The light of love for families all over the world is what carries us through these dark days. In each one of us who does this work, in each parent who suffers and transmogrifies that suffering to help others,  in every person who understands the pain which is caused by the loss of a child still living, there is a strong beam of light transmitting love.  That strong beam is what brings children home, however long it takes.  The determination in their parent, to keep tending the fires which keep the beam strong is what children rely upon.

Children in situations where a parent is unhappy, angry, distorted in their thinking and unwell, will cleave to that parent as a survival instinct.  It is an inborn drive, it is all that they can do.  Their rejection of you is not personal, it is not done to hurt you, it is done to survive the stormy seas they are sailing on in their rickety little boats.  Children held captive by a parent’s mind can do nothing else but chart those seas as best they can.  In doing so they seek your light, seeing it keeps them going, even if they cannot reach you yet.

To keep tending that light you need strength and to have strength you need to rest and recuperate in order to keep going.  Tonight, when the pain may feel too great, lay down your burden and rest.  Put it down.  Know that if you are going to keep going in 2018, you need to give something to yourself.  Everyone needs to rest sometimes, give yourself permission to do so.  If you cannot be with the ones you love, love the ones you can be with and even if there is no-one right by your side, know that there is a strong and loving community of families right here with you.

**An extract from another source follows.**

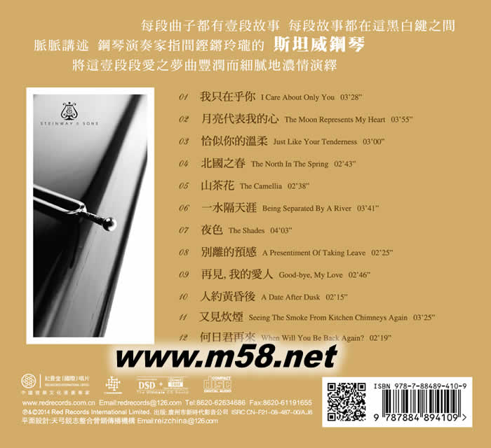01..I Care About Only You 我只在乎你 3'28'' 02..The Moon Represents My Heart 月亮代表我的心 3'55'' 03..Just Like Your Tenderness 恰似你的溫柔 3'00'' 04..The North In The Spring 北國之春 2'43'' 05..The Camellia 山茶花 2'38'' 06..Being Separated By A River 一水隔天涯 3'41'' 07..The Shades 夜色 4'03'' 08..A Presentiment Of Taking Leave 別離的預感 2'25'' 09..Good-bye My Love 再見我的愛人 2'46'' 10..A Date After Dusk 人約黃昏后 2'15'' 11..Seeing The Smoke From Kitchen Chimneys Again又見炊煙 3'25'' 12..When Will You Be Back Again? 何日君再來 2'19''

Tonight as I light the candles and tend the beam of my lighthouse, I will be sending out love around the world to all who suffer.  To those with whom we have worked this year, those who we could help and those we were unable to reach yet.  I will be resting and recovering strength ahead of the coming year so that we can keep doing what we do on on an even wider scale.

Because only when the lighthouses of love beam strongly right around the world, will the shadows of parental alienation be banished and the hearts of children be rightfully restored to the lives of their loved ones.

With love and light to all who tend the beam.

Karen

 

17 thoughts on “Lighthouses of Love”

  1. Your understanding and complete insight of what is happening on every level appears to know no bounds.
    In the same way we try to be lighthouses for our babies you provide so much light for us as parents.
    Thank you for your post this morning and thank you for being there always with your guidance, courage and unwavering support for all of us in this most horrific and heart wrenching situation.
    Merry Christmas and again thank you.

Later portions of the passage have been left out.